Mr Arjun Singh’s reputation for Realpolitik notwithstanding, it is not utterly inconceivable that he does not approve of Mr PV Narasimha Rao’s recent handling of the Ram Janmabhoomi-Babri Masjid crisis in the larger national interest. But even if one is not inclined to give him the benefit of the doubt and assumes that he is guided by nothing nobler than personal ambition, a couple of points have to be conceded to him.

First, in view of the unending disarray in the Janata Dal leadership, he is right in concluding that the revival of Congress fortunes in Uttar Pradesh, Madhya Pradesh, Rajasthan and Himachal Pradesh calls for a fight with the Bharatiya Janata Party which is in power in these states, that the battle must centre on UP and not his home state of Madhya Pradesh in view of the former’s size and historical importance, and that the Ram Janmabhoomi-Babri Masjid dispute offers a good opportunity and pretext for mounting the necessary assault.

Secondly, by recognising this political reality and acting on it consistently since the Tirupati session, Mr Singh has outdistanced all potential rivals in his party for its leadership in North India. The defeat of Mr Narain Dutt Tiwari in the 1991 election had, as it were, cleared the field for him. He has skilfully built on that advantage.

The logic of a bitter anti-BJP platform demands that Mr Singh must do all in his power to frustrate Mr Narasimha Rao’s efforts to resolve the acrimony in Ayodhya, as the latter has undertaken to do in the next four months. To his credit, Mr Singh has not wasted any time in reaching this conclusion.

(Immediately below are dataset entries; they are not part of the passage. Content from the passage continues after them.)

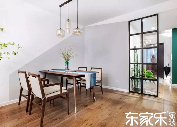 玄關與客餐廳之間,通過一扇黑色框架玻璃門隔斷,讓家的擴展性更強,餐廳胡桃木色餐桌椅加上個性吊燈,古典與現代的完美結合。
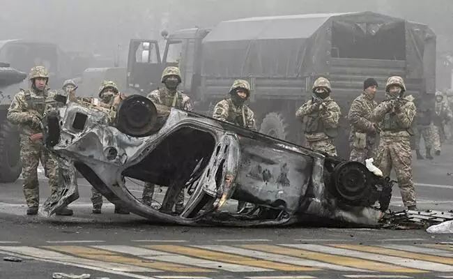 कझाकस्तानमध्ये गेल्या काही दिवसात झालेल्या हिंसाचारात अनेक सरकारी इमारती आणि सरकारी मालमत्तांचे नुकसान झाले आहे. देशातील सगळ्यात मोठे शहर अल्माटी इथे तर आंदोलकांनी विमानतळ ताब्यात घेतले होते. तर शहरात काही ठिकाणी गोळीबार देखील झाला होता. मृतांमध्ये नागरिक किती आणि सुरक्षा रक्षक किती होते याची माहिती अद्याप जाहीर करण्यात आलेली नाही. कझाकस्तानच्या सरकारने या आंदोलनामागे परकीय अतिरेक्यांचा हात असल्याचा दावा केला आहे. पण या आंदोलनाचे नेतृत्व कुणीही करताना दिसलेले नाही. कझाकस्तानच्या परराष्ट्र मंत्रालयाने हे आंदोलन शांततेत सुरू होते पण दहशतवादी आणि गुन्हेगारी प्रवृत्तीच्या लोकांनी यात घुसखोरी करत हिंसाचार केला असा दावा केला आहे.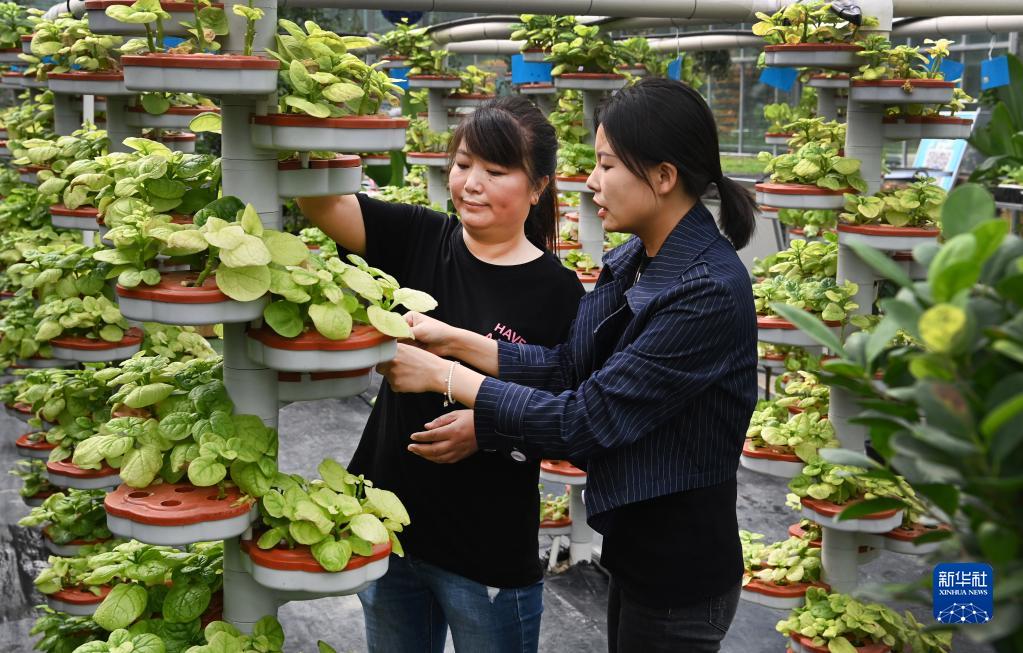9月7日,陜西漢江之源農業(yè)開(kāi)發(fā)有限公司員工在打理無(wú)土栽培綠葉菜。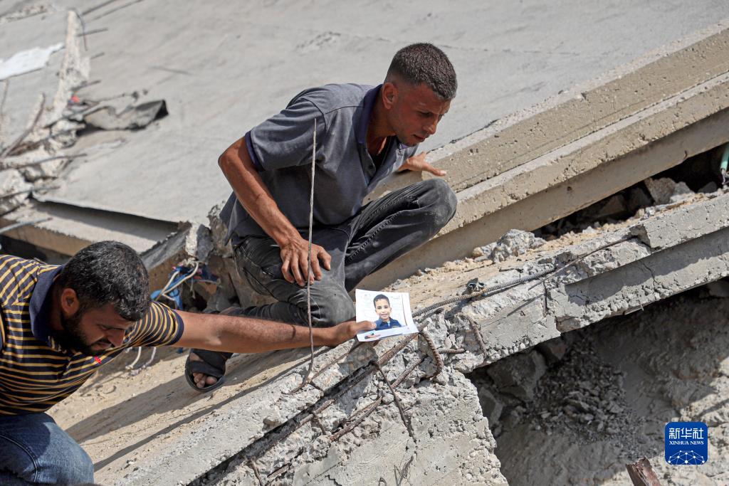 10月24日,在加沙地帶南部城市汗尤尼斯,一名男子手持一名兒童的照片在遭以色列襲擊的建筑廢墟進(jìn)行搜救。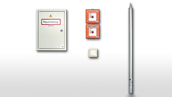 - Une unité de commande centrale pour un maximum de deux moteurs avec possibilité de commande de déclenchement pour boutons poussoirs d’ECF, préparée pour touches de ventilateurs et divers appareils complémentaires comme les détecteurs de fumée, les alarmes thermiques * ou les sondes de vent et/ou de pluie* (*en option)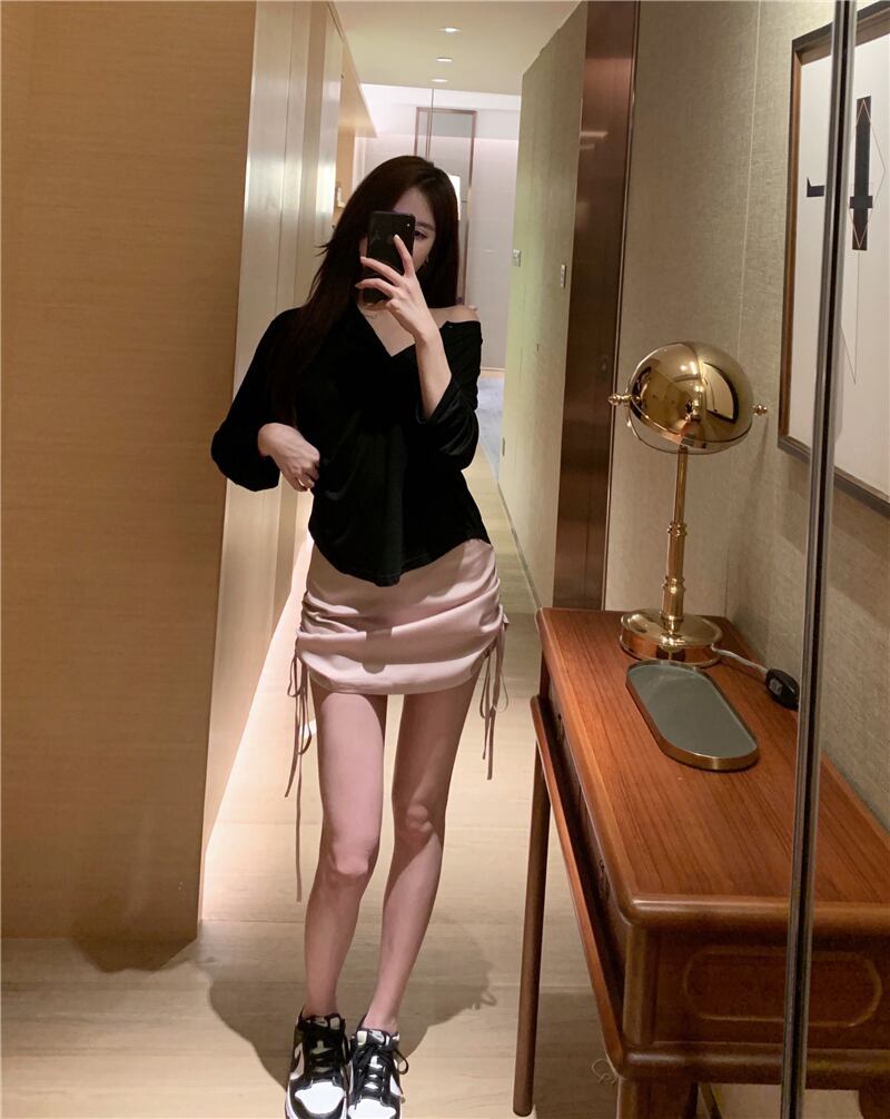 スカート ギャザーハイウェストウェスト薄手サマー ピンク 夏物 ブラックストロベリース26494469088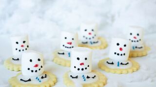 Ein rundes Plätzchen mit weißer Glasur ist der geschmolzene Teil des Schneemanns, darauf kommt ein Marshmallow als Kopf - verziert mit Schokoaugen und Mund. Die Ärmchen werden auf die Zuckergussbasis gemalt und dazu bunte Schokoperlen als Knöpfe verstreut.

His praise for Mr Rao’s handling of the immediate crisis in Ayodhya notwithstanding, there can be little doubt that he would have liked the BJP government in UP to be dismissed, the Vishwa Hindu Parishad’s kar seva on the disputed land to be forcibly stopped and not merely shifted and the entire complex to be placed under the control of the Centre’s paramilitary forces.

Having failed to push Mr Rao into adopting such a confrontationist approach, he has – quite logically from his narrow point of view – decided to make Mr Rao’s task of resolving the issue as difficult as he can. This is the plain meaning of his peremptory letter to Mr Jitendra Prasad, political secretary to Mr Rao in his capacity as Congress president. He wants the party to launch an all out anti-BJP campaign and, thereby, to vitiate the atmosphere.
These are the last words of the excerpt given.